EP2580577A1 - Apparatus for carrying out laser spectroscopy, sorting system having the apparatus, and method for carrying out laser spectroscopy - Google Patents
Apparatus for carrying out laser spectroscopy, sorting system having the apparatus, and method for carrying out laser spectroscopyInfo
- Publication number
- EP2580577A1 EP2580577A1 EP11757530.8A EP11757530A EP2580577A1 EP 2580577 A1 EP2580577 A1 EP 2580577A1 EP 11757530 A EP11757530 A EP 11757530A EP 2580577 A1 EP2580577 A1 EP 2580577A1
- Authority
- EP
- European Patent Office
- Prior art keywords
- laser
- sample
- plasma
- axicon
- radiation
- Prior art date
- Legal status (The legal status is an assumption and is not a legal conclusion. Google has not performed a legal analysis and makes no representation as to the accuracy of the status listed.)
- Withdrawn
Links
Classifications
-
- G—PHYSICS
- G01—MEASURING; TESTING
- G01N—INVESTIGATING OR ANALYSING MATERIALS BY DETERMINING THEIR CHEMICAL OR PHYSICAL PROPERTIES
- G01N21/00—Investigating or analysing materials by the use of optical means, i.e. using sub-millimetre waves, infrared, visible or ultraviolet light
- G01N21/84—Systems specially adapted for particular applications
-
- G—PHYSICS
- G01—MEASURING; TESTING
- G01N—INVESTIGATING OR ANALYSING MATERIALS BY DETERMINING THEIR CHEMICAL OR PHYSICAL PROPERTIES
- G01N21/00—Investigating or analysing materials by the use of optical means, i.e. using sub-millimetre waves, infrared, visible or ultraviolet light
- G01N21/62—Systems in which the material investigated is excited whereby it emits light or causes a change in wavelength of the incident light
- G01N21/71—Systems in which the material investigated is excited whereby it emits light or causes a change in wavelength of the incident light thermally excited
- G01N21/718—Laser microanalysis, i.e. with formation of sample plasma
-
- G—PHYSICS
- G01—MEASURING; TESTING
- G01N—INVESTIGATING OR ANALYSING MATERIALS BY DETERMINING THEIR CHEMICAL OR PHYSICAL PROPERTIES
- G01N2201/00—Features of devices classified in G01N21/00
- G01N2201/06—Illumination; Optics
- G01N2201/063—Illuminating optical parts
- G01N2201/0638—Refractive parts
Definitions
- Apparatus for carrying out laser spectroscopy, sorting installation comprising the apparatus and method for carrying out laser spectroscopy
- the invention relates to a device for carrying out laser spectroscopy, a sorting system, comprising the device and a method for carrying out laser spectroscopy, in which at least one pulsed laser focuses on at least one ablation region of a sample to generate a plasma via at least one optical element Plasma detected and based on the radiation spectrum of the detected radiation, an elemental analysis is performed.
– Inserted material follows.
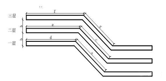 橋架45°上下爬坡彎制作以及計(jì)算公式目前電建施工中所使用的電纜橋架彎頭一般是由電纜橋架廠在出廠之前完整加工好的,但是由于施工現(xiàn)場情況各不相同,所以有的項(xiàng)目需要因地制宜現(xiàn)場加工電纜橋架彎頭,這就需要安裝人員有一定的施工基礎(chǔ)知識(shí)才能勝任。施工現(xiàn)場電纜橋架大致分為主橋架和分支架。主橋架是由設(shè)計(jì)院設(shè)計(jì),根據(jù)圖紙施工;分支架是由主橋架引到就地設(shè)備的電纜支架,沒有圖紙?jiān)O(shè)計(jì),根據(jù)現(xiàn)場情況由施工人員來設(shè)計(jì)的。常用的彎頭種類包括:上下跳彎45°、垂直上下彎頭、水平三通等。下面就以橋架45°上下爬坡彎制作以及計(jì)算公式:

- the invention is therefore based on the object to improve a method of the type described in such a simple manner that repeatable extremely accurate elemental analysis based on a laser-induced plasma can be ensured.
- the method should be universally applicable and easy to handle.
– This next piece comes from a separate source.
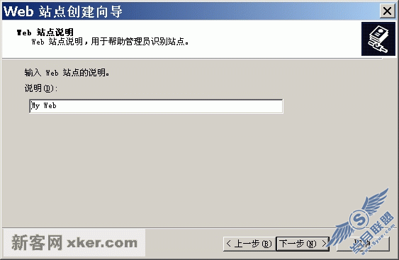 ??5.如左下图输入web站点说明,单击【下一步】。注意这里的站点说明并不等于站点域名,而是用于在IIS服务器端区分站点的名称。(图转下页)

- the invention achieves the stated object with regard to the method in that the laser generates focusing plasma on at least two ablation regions of the sample lying in the focal region of the axicon via an optical element designed as an axicon.
- the laser generates, via an optical element formed as an axicon, at least two ablation regions of the sample lying in the focal region of the axicon.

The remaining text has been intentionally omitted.